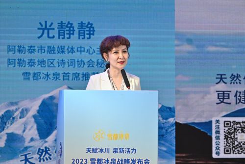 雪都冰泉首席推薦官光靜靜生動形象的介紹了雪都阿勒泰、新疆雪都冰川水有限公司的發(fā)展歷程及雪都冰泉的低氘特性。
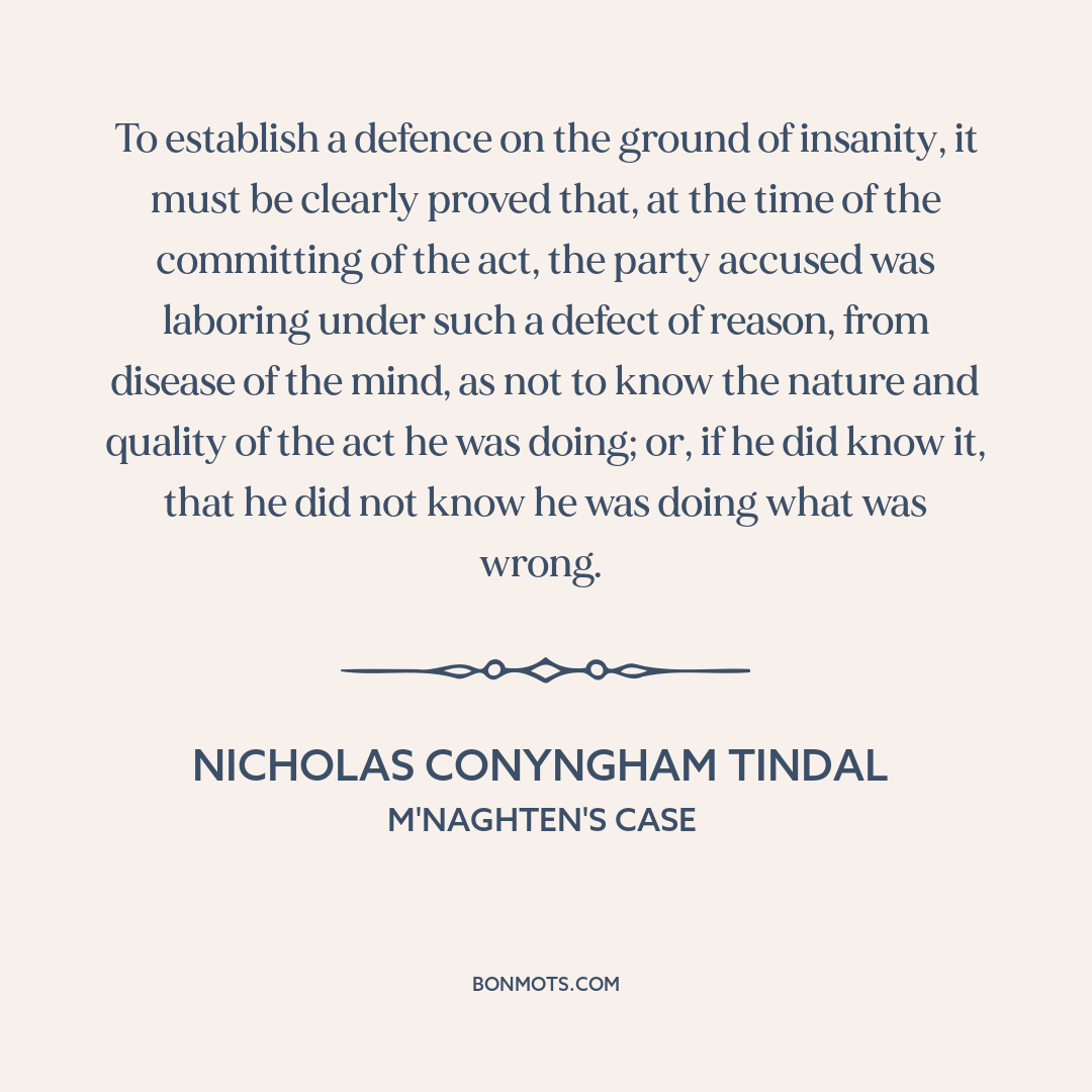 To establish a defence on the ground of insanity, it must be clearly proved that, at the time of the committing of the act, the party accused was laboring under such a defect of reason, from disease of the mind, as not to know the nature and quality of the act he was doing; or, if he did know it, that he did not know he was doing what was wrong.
---
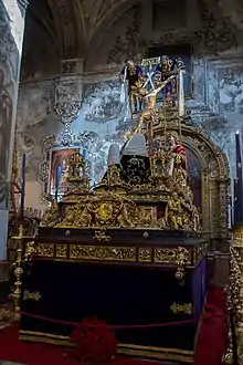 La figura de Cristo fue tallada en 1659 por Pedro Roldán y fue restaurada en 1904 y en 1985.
---
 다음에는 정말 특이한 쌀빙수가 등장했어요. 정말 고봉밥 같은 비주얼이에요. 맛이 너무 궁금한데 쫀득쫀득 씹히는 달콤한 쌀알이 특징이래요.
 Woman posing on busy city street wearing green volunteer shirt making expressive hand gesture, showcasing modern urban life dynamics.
---
The task: With pictures excluded, reproduce exactly the lines above from the one containing "雪都冰泉首席推薦官光靜靜生動" down to the one containing "To establish a", those two included.

Answer to the problem:
 雪都冰泉首席推薦官光靜靜生動形象的介紹了雪都阿勒泰、新疆雪都冰川水有限公司的發(fā)展歷程及雪都冰泉的低氘特性。
 To establish a defence on the ground of insanity, it must be clearly proved that, at the time of the committing of the act, the party accused was laboring under such a defect of reason, from disease of the mind, as not to know the nature and quality of the act he was doing; or, if he did know it, that he did not know he was doing what was wrong.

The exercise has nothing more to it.